Comment by GuB-42
1 day ago
How about stellar mass black holes?
They are much lighter than 1 million solar masses and we know a few of them, with a variety of ways to detect them, including companion stars orbiting around them and gravitational waves during mergers.
Black holes fit the definition of dark matter, as they neither emit nor absorb electromagnetic radiation, not in a way that could be detected anyways. This is the "MACHO" theory of dark matter, which is not the favorite, but it is still taken seriously. Stellar mass black holes have been ruled out, I think, but it doesn't mean dark matter can't be made of black holes. In fact, primordial black holes are a rather hot theory.

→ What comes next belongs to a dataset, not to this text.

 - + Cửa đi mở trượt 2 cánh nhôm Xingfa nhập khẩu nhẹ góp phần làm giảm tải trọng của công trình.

> How about stellar mass black holes?
Blank holes aren't dark enough. Because of their accretion disks, they typically stand out from their environments. Also, unlike dark matter, black holes tend to give themselves away by the focal distribution of their masses.

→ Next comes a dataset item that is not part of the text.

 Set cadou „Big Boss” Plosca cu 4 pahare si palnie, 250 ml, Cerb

> Black holes fit the definition of dark matter, as they neither emit nor absorb electromagnetic radiation, not in a way that could be detected anyways.
Actually, Hawking radiation explains how black holes eventually evaporate, and the smaller the BH, the higher the Hawking radiation "temperature." This radiation is manifest in observations, and along with the energy emitted by accretion disks, black holes are often very conspicuous.
> Stellar mass black holes have been ruled out ...
Wait, the largest black holes are many millions of times the mass of our sun. Or did you mean only ruled out as a candidate for dark matter?
Another argument against black holes as dark matter is that black holes tend to congregate near the center of galaxies, while by contrast dark matter notoriously distributes itself through the entire volume of a galaxy.
I emphasize these are just counterpoints, not refutations, and black holes might play a part in the dark matter issue.